** Opening INFORMATION GIVEN block **
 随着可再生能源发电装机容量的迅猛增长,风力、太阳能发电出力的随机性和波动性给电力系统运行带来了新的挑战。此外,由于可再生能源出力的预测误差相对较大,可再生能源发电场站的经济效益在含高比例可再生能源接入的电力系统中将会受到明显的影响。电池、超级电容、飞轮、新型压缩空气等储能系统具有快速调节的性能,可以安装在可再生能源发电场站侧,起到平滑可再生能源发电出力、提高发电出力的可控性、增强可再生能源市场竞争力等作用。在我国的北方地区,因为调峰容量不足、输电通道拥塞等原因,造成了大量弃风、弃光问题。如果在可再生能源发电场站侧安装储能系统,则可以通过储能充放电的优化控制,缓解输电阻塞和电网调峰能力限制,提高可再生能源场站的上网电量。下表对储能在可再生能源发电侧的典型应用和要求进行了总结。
** Closing INFORMATION GIVEN block **
** Opening INFORMATION GIVEN block **
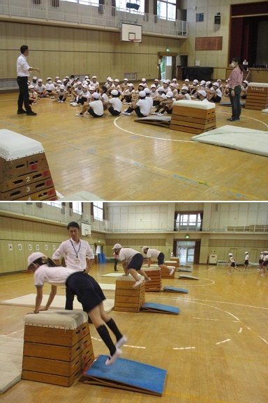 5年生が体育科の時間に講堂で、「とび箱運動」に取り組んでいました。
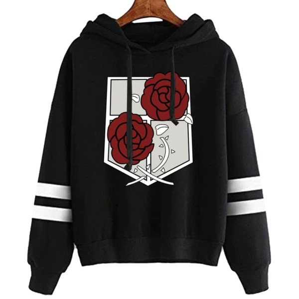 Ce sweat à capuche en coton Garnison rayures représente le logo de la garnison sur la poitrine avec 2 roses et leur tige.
** Closing INFORMATION GIVEN block **
WHAT YOU ARE ASKED TO DO: In the data above, find the line containing "5年生が体育科の時間に講堂で、「とび箱運動」に取り組んでいました。" and the line containing "Ce sweat à capuche". Copy exactly the stretch from the first through the second, both included, leaving out any picture.

RESPONSE AREA:
 5年生が体育科の時間に講堂で、「とび箱運動」に取り組んでいました。
 Ce sweat à capuche en coton Garnison rayures représente le logo de la garnison sur la poitrine avec 2 roses et leur tige.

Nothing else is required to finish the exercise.